Another application of the present disclosure is phone-based ASC, wherein the phone recognizes the environment in which it is located and, based on the location, sets up a different ringing mode, such as the ringing volume (silent or loud), a specific ringing sound or the like.
For instance, in louder or event-rich environments, the ringing tone may be set louder than in silent or event-poor environment.
Another application of the present disclosure is in smart headphones, which recognize the acoustic environment (e.g. a street) and turn on the hear-through mode automatically, for instance while the user is running in the park.
Further, the present disclosure may be applied in environment-aware services for smart phones/tablets or smart wearable devices. It contributes to enabling devices to make sense of their environment through in-depth analysis of the sounds of the scenes.
Moreover, ASC may be used for possibly context-based speech recognition and speech control for instance in intelligent assistant services. Another use case may be the recognition of certain scenes, which automatically control, for instance, alarm triggering or monitoring / surveillance cameras.
In general, the process of acoustic scene classification (ASC) can be divided into a training and classification phase, as illustrated in Fig. 1 and Fig. 2.
Figure 1 illustrates the training phase, in which scene models are learned. Using an audio recording database, a set of known features (a feature vector) are extracted from the audio recording samples. The features may include features calculated based on the above described short-event, long-event, and/or background frames. The feature vector together with a known, desired result of the classification is then used as input to improve or estimate the parameters of a classifier, i.e. by training the classifier. The classifier may, for example, be a support vector machine (SVM), a Gaussian-Mixture model (GMM), a neural network, or the like.

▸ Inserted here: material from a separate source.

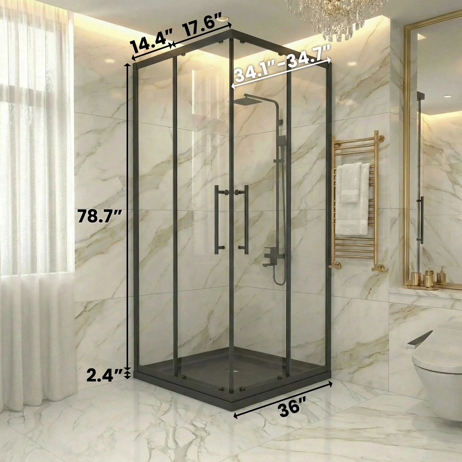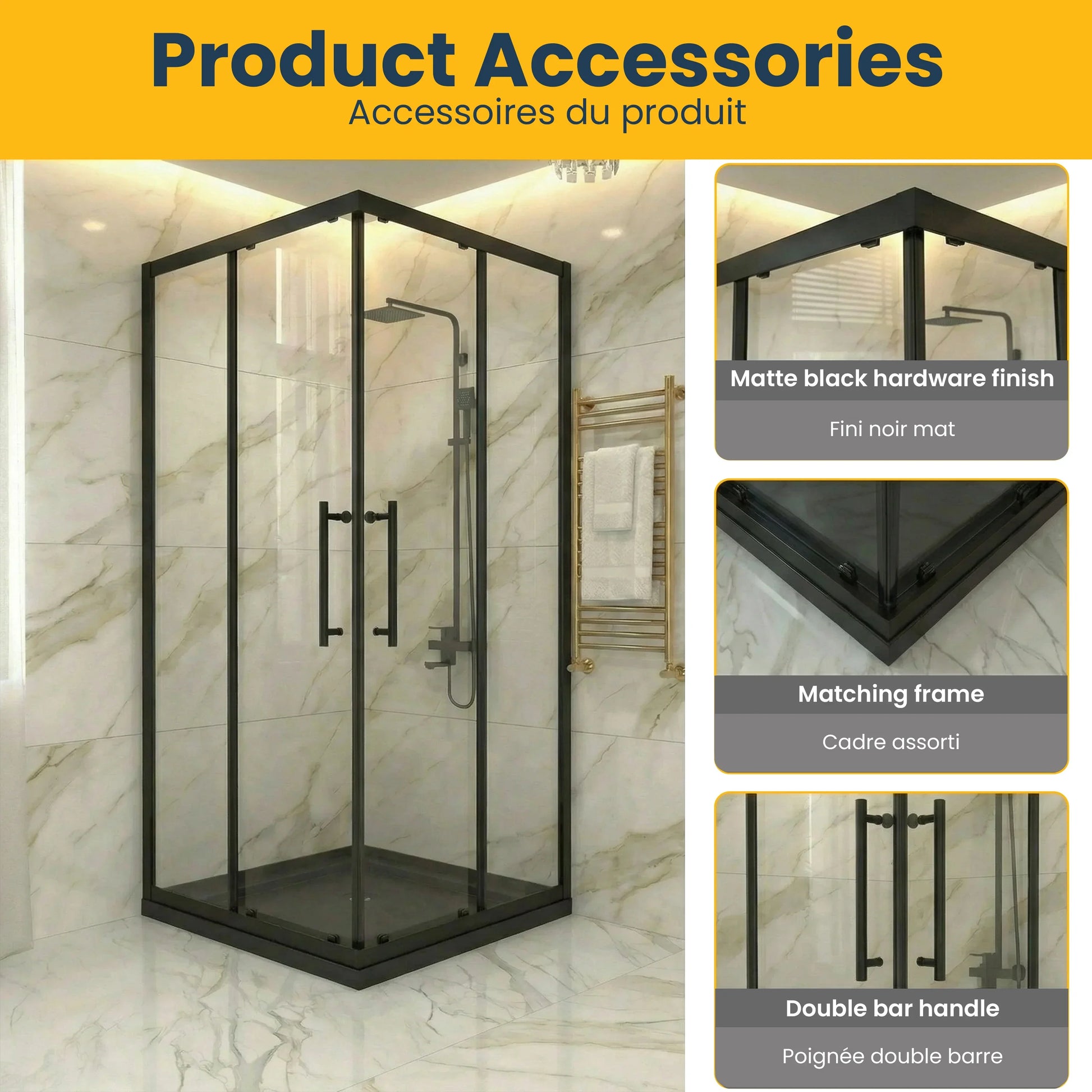 Cet ensemble complet pour installation en alcôve comprend une porte coulissante réversible de 36po (L) x 36po (P) x 79po (H) et une base de douche en acrylique noir brillant avec drain de coin. Le design réversible permet une installation flexible à gauche ou à droite selon votre configuration.

Figure 2 illustrates the classification phase, in which the same feature vector is extracted, but now from unknown (not yet classified) audio recording samples. The feature vector is input to the classifier trained as shown in Figure 1, i.e. implementing the model obtained by training with the audio recording samples with known classification result. The classifier then recognizes (classifies) the input acoustic scene, i.e. it assigns the input acoustic scene a class. For instance, an audio scene (e.g., an audio block mentioned above) may be classified as a railway station or a shopping mall or a highway, or the like. One of the benefits of the ASC based on the above described short-event / long-event / background segmentation is that detection of particular specific events that are characteristic of certain environments is not necessary. This provides an easier scalability and adaption of the approach for new kinds of environments. The classification based on feature vectors calculated based on measures computed only over frames of the same category on the one hand allows characterizing different events and thus mapping such characterization on different respective environments / acoustic scenes. On the other hand, the frame categorization to long-events, short-events and background is based on general event features such as event duration and intensity, rather than on recognition of particular audio sounds expected in certain environments (such as sound of breaking wheels at railway station or sound of water at a sea or the like).

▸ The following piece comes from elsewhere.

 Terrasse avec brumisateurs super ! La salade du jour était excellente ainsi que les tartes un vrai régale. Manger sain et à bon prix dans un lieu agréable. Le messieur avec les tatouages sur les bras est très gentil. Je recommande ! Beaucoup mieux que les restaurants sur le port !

Figure 3 shows a top-down view of an example of the technique disclosed herein. The technique is described in terms of four levels as follows:

Level 1: On the first level, a general representation of an apparatus is shown to determine a feature vector 330 (output) from an audio recording 310 (input) through a segmentation-based feature extraction 320, applying the above described approach.
Level 2: On the second level, the segmentation-based feature extraction is sub-divided further into two functional blocks, where the incoming audio recording is split first into a suitable frame-based representation by transform of the audio waveform 340. This is followed by a partitioning 360 of the frame-based audio signal into three basic segments (corresponding to event classes), namely a short-event, long-event, and a background-event layer. The core of the present disclosure is exploiting the three distinct segments (event layers) for the detection of typical features to distinguish between different types of acoustic scenes.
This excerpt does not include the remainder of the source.